▶ Information provided
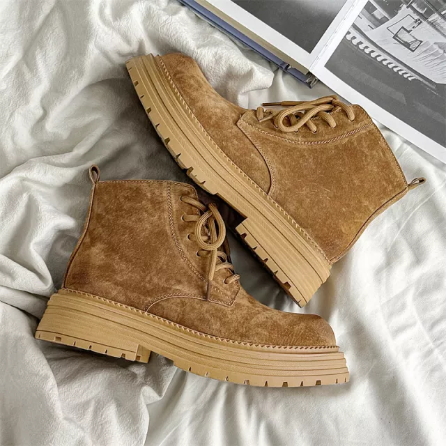 These boots stand out with their combination of high-quality materials and classic design. Handmade craftsmanship ensures attention to detail in every stitch, creating a sophisticated and long-lasting pair of boots. The platform and low heel add subtle height without sacrificing comfort, while the cow suede upper gives a luxurious, textured look that naturally complements autumn and winter outfits. Unlike other boots, these are lightweight yet robust, making them perfect for both city adventures and casual weekends.
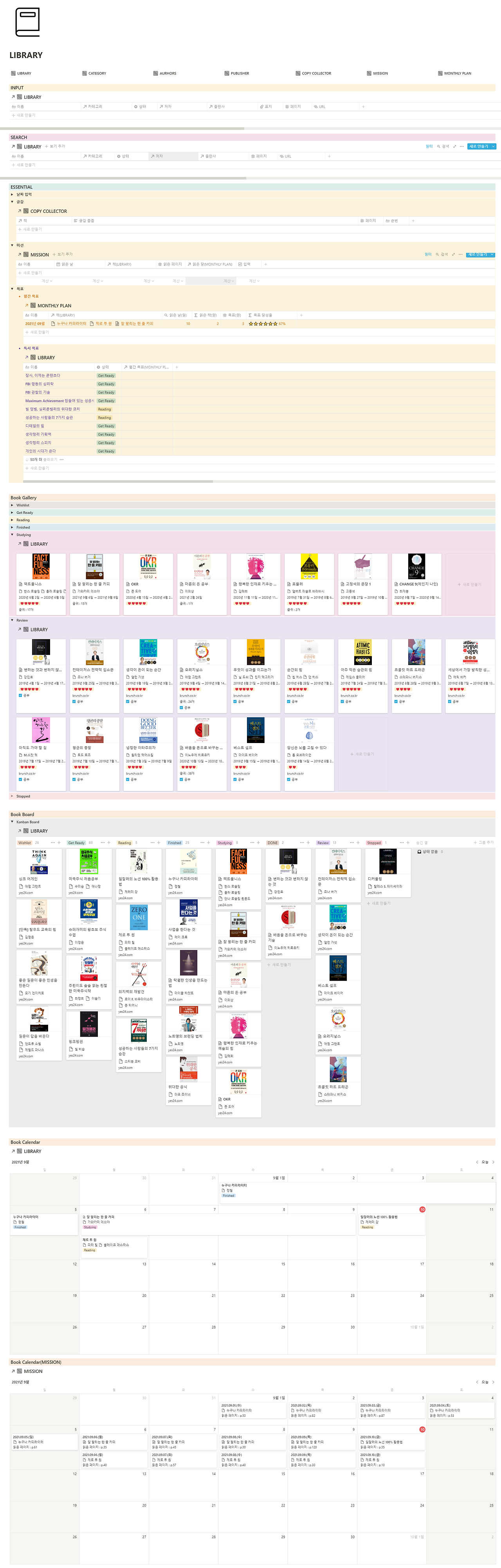 스마트 도서관은 어떤 책을 샀고, 읽고 있고, 공부하고, 서평을 썼는지 직관적으로 볼 수 있습니다. 책 페이지 안에는 주요 문구나 책 내용이 정리되어 있습니다. 언제 책을 읽었는지, 하루에 몇 페이지를 읽었는지를 알 수 있습니다. 이것을 통해서 한 달 평균 읽은 책 권수와 목표에 도달했는지를 직관적으로 파악할 수 있습니다.
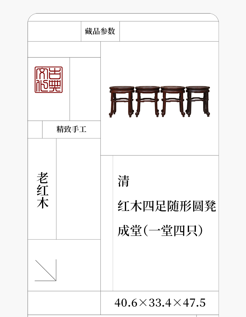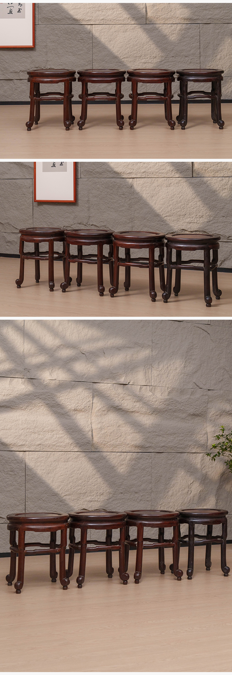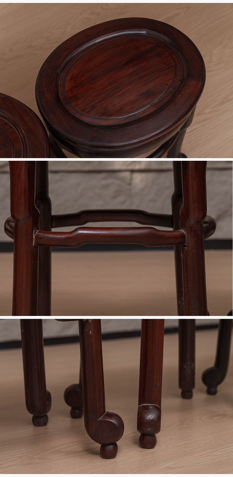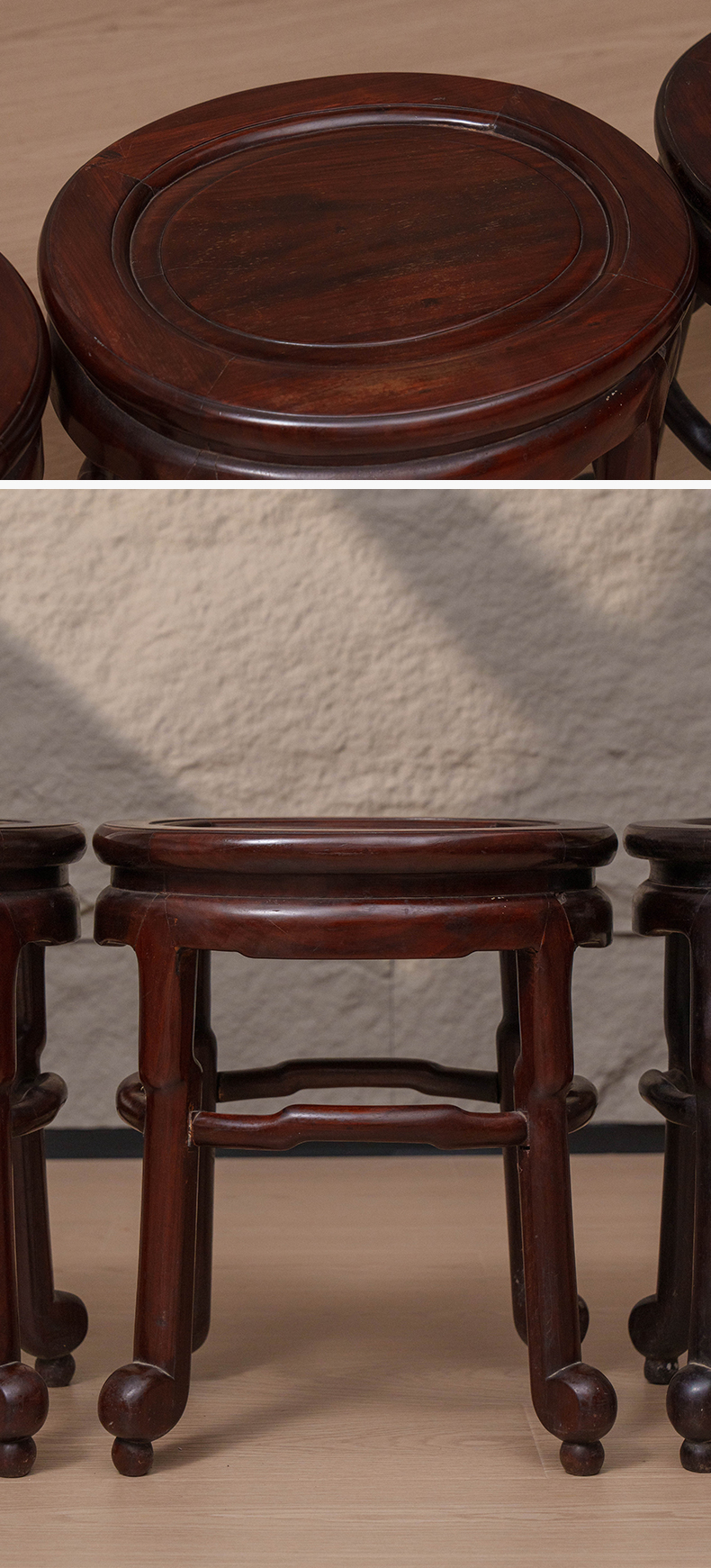 清 红木四足随形圆凳成堂(一堂四只)
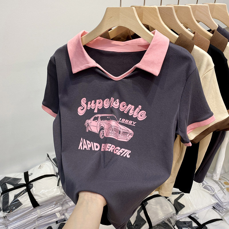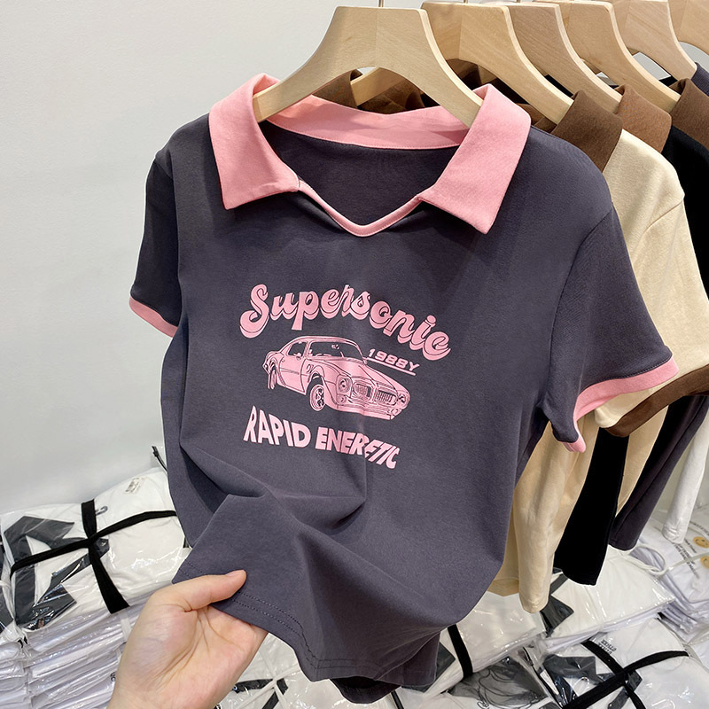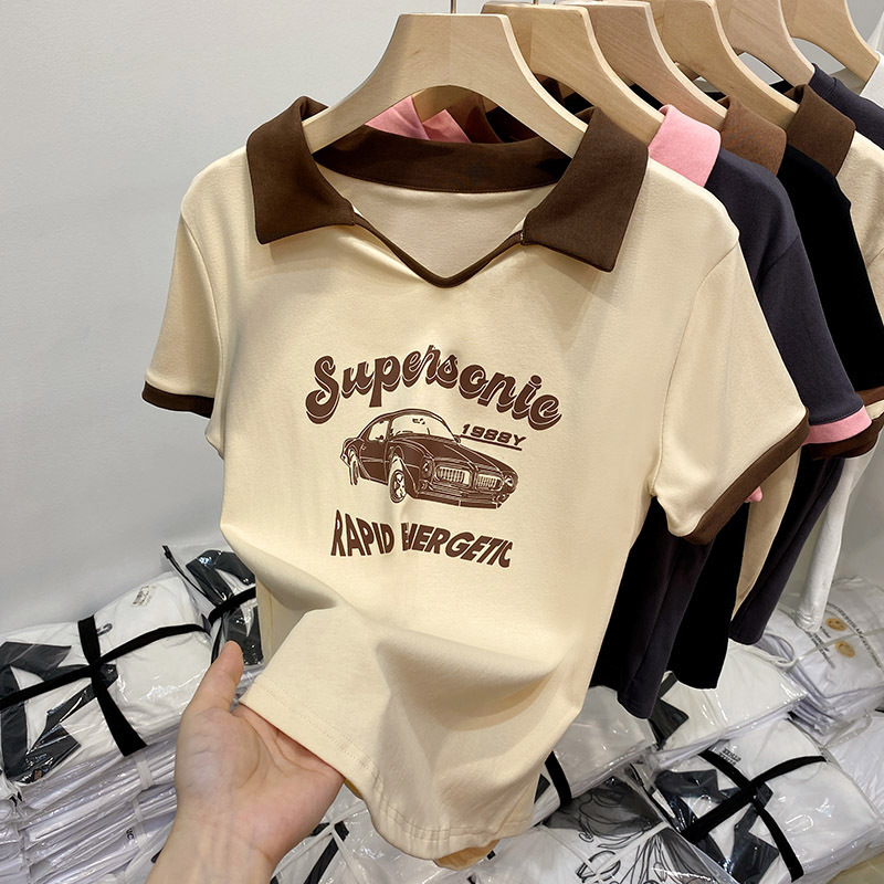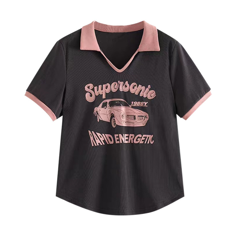 纯棉正肩Polo领短袖T恤女士夏季美式复古v领撞色不规则小众上衣
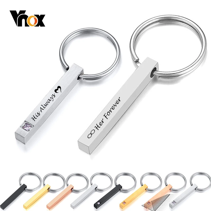 Брелок с гравировкой Vnox, минималистичный вертикальный брелок для женщин и мужчин, геометрический квадратный брелок из нержавеющей стали, унисекс, аксессуар, подарок
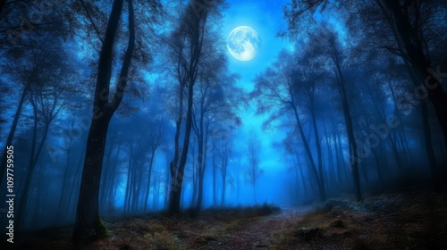 Mystical moonlit forest path.
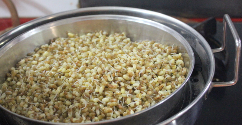 Coming back to missal Pav, the matki sprouts are steamed and a separate spicy gravy is made which is called Kat.The final dish is sprinkled with farsaan sev or namkeen which is easily available in the market. I have used roasted farsaan to avoid those extra calories, but feel free to use the fried one, it surely will taste better.
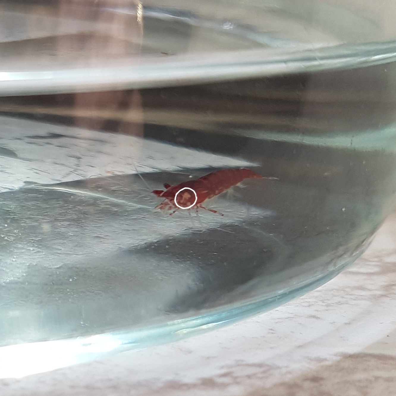 heute hab ich es wieder entdeckt. Habe die Garnele erstmal in ein anderes Gefäß gepackt, um ein Foto zu machen. Leider hält die nicht still... Man kann es jedenfalls nicht mit einem Wattestäbchen abstreifen. Vielleicht könnt ihr nun mehr erkennen. Ich versuche noch ein bessetes zu machen.
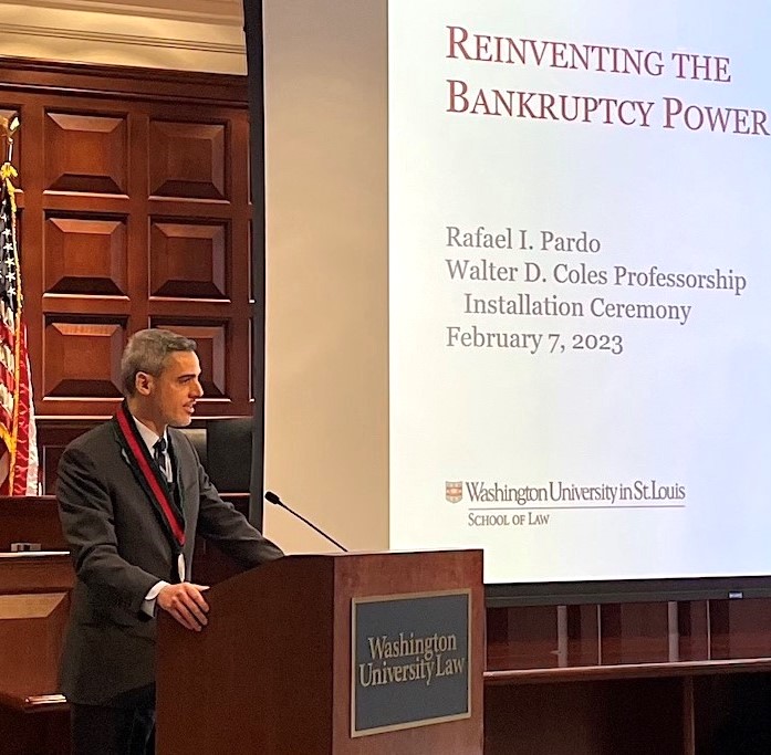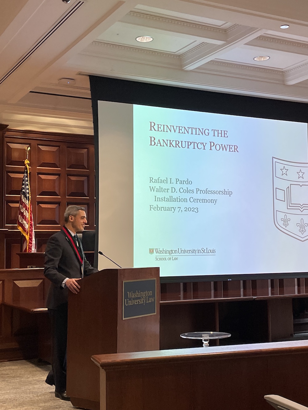 The installation ceremony of Professor Rafael I. Pardo as the Walter D. Coles Professor of Law took place yesterday in the Bryan Cave Moot Courtroom. The event included remarks from Dean Russell K. Osgood, Professor David Hoffman of the University of Pennsylvania Carey Law School, and Provost Beverly Wendland. Professor Pardo also gave an address titled “Reinventing the Bankruptcy Power.”
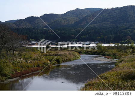 高島市朽木地区を流れる清流北川と針葉樹林 滋賀県
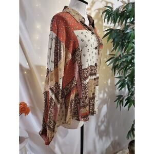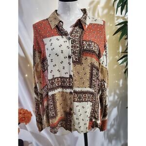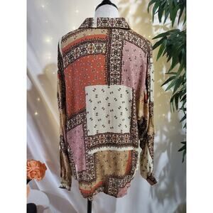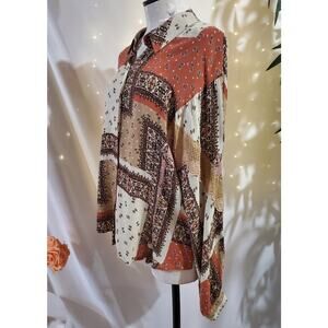 Mystree Patchwork Paisley Boho Button Long Sleeve Shirt Size L Hippie Country
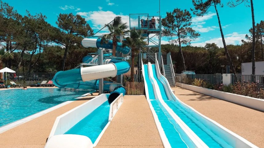Seven toilet blocks of a high standard and very well maintained have washbasins in cabins, large showers, baby rooms and accessible facilities. Motorhome services. Washing machines and dryers. Fridge rental. Supermarket. Bars, restaurants and takeaways. Indoor pool, jacuzzi and sauna (charged July/Aug). Outdoor pool area with jacuzzi and paddling pool (15/6-15/9). Multisports pitch. Play area. Bicycle hire. Beach access. WiFi throughout (charged).
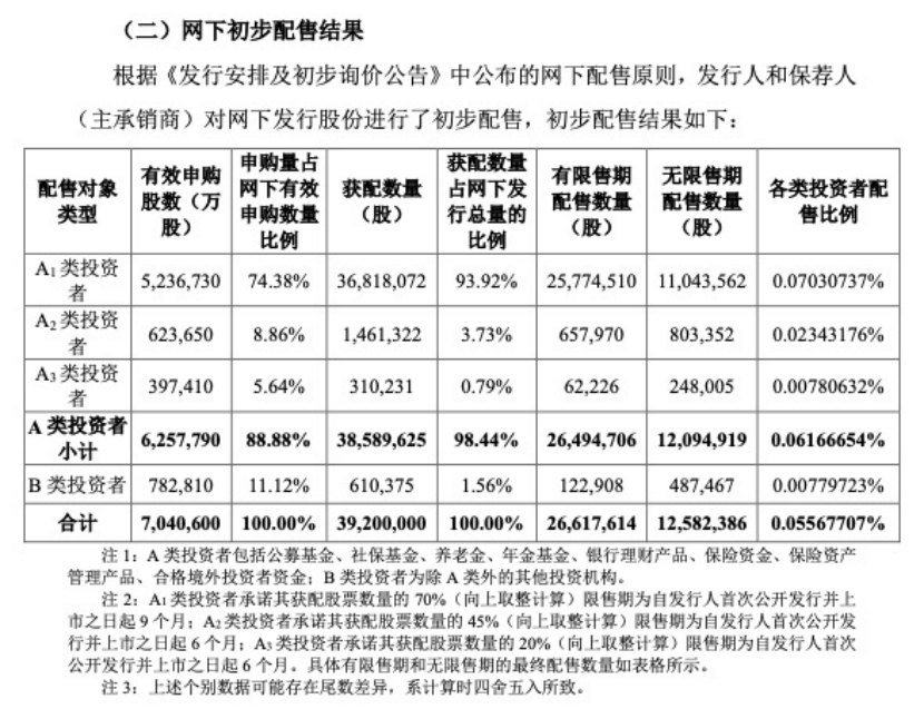 其中,公募基金、社保基金、养老金、年金基金、银行理财产品、保险资金、保险资产管理产品、合格境外投资者等A类投资者获配约3858.96万股,占网下最终发行比例的98.44%,私募、券商资管、券商自营等B类投资者获配1.56%,从具体获配股数来看,有的B类投资者最少只获配了31股。
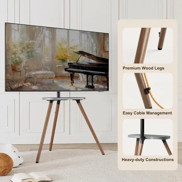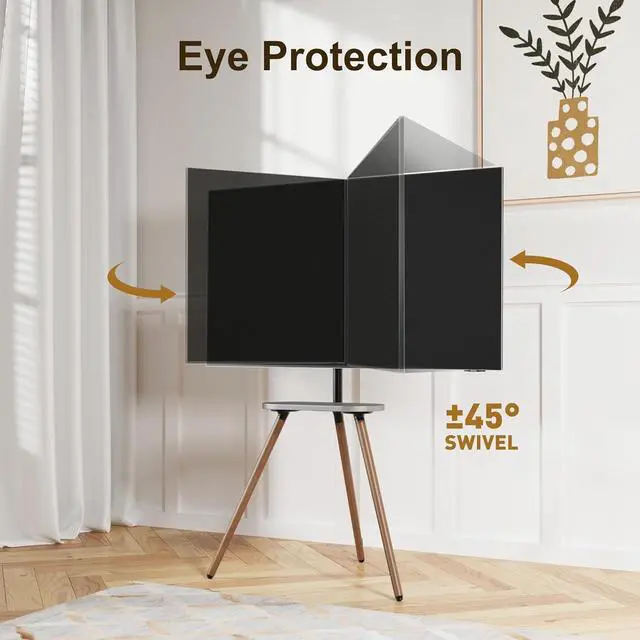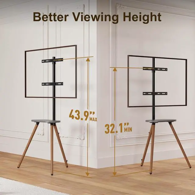 Enjoy comfortable ViewsBy using the ergonomic height adjustment function you can adjust the TV to the correct level for your eyes. This TV tripod stand's bracket allows for a 45 degree left and right swivel which could prevent light reflections. An swievel TV stand is beneficial in preventing painful in your eyes and neck muscles for long time. Sturdy Materials with FSC-Certified WoodThis easel TV stand is constructed of high-quality metal and FSC-Certified wood supporting up to 77 lbs (35 kg) of TV weight. It has passed rigorous UL/TUV laboratory testing at three times its rated load capacity.

▶ What the task asks
Reproduce exactly, and only, the lines from the opening line of the listing above through the line holding "Mystree Patchwork Paisley", minus the pictures.

▶ Response below
 These boots stand out with their combination of high-quality materials and classic design. Handmade craftsmanship ensures attention to detail in every stitch, creating a sophisticated and long-lasting pair of boots. The platform and low heel add subtle height without sacrificing comfort, while the cow suede upper gives a luxurious, textured look that naturally complements autumn and winter outfits. Unlike other boots, these are lightweight yet robust, making them perfect for both city adventures and casual weekends.
 스마트 도서관은 어떤 책을 샀고, 읽고 있고, 공부하고, 서평을 썼는지 직관적으로 볼 수 있습니다. 책 페이지 안에는 주요 문구나 책 내용이 정리되어 있습니다. 언제 책을 읽었는지, 하루에 몇 페이지를 읽었는지를 알 수 있습니다. 이것을 통해서 한 달 평균 읽은 책 권수와 목표에 도달했는지를 직관적으로 파악할 수 있습니다.
 清 红木四足随形圆凳成堂(一堂四只)
 纯棉正肩Polo领短袖T恤女士夏季美式复古v领撞色不规则小众上衣
 Брелок с гравировкой Vnox, минималистичный вертикальный брелок для женщин и мужчин, геометрический квадратный брелок из нержавеющей стали, унисекс, аксессуар, подарок
 Mystical moonlit forest path.
 Coming back to missal Pav, the matki sprouts are steamed and a separate spicy gravy is made which is called Kat.The final dish is sprinkled with farsaan sev or namkeen which is easily available in the market. I have used roasted farsaan to avoid those extra calories, but feel free to use the fried one, it surely will taste better.
 heute hab ich es wieder entdeckt. Habe die Garnele erstmal in ein anderes Gefäß gepackt, um ein Foto zu machen. Leider hält die nicht still... Man kann es jedenfalls nicht mit einem Wattestäbchen abstreifen. Vielleicht könnt ihr nun mehr erkennen. Ich versuche noch ein bessetes zu machen.
 The installation ceremony of Professor Rafael I. Pardo as the Walter D. Coles Professor of Law took place yesterday in the Bryan Cave Moot Courtroom. The event included remarks from Dean Russell K. Osgood, Professor David Hoffman of the University of Pennsylvania Carey Law School, and Provost Beverly Wendland. Professor Pardo also gave an address titled “Reinventing the Bankruptcy Power.”
 高島市朽木地区を流れる清流北川と針葉樹林 滋賀県
 Mystree Patchwork Paisley Boho Button Long Sleeve Shirt Size L Hippie Country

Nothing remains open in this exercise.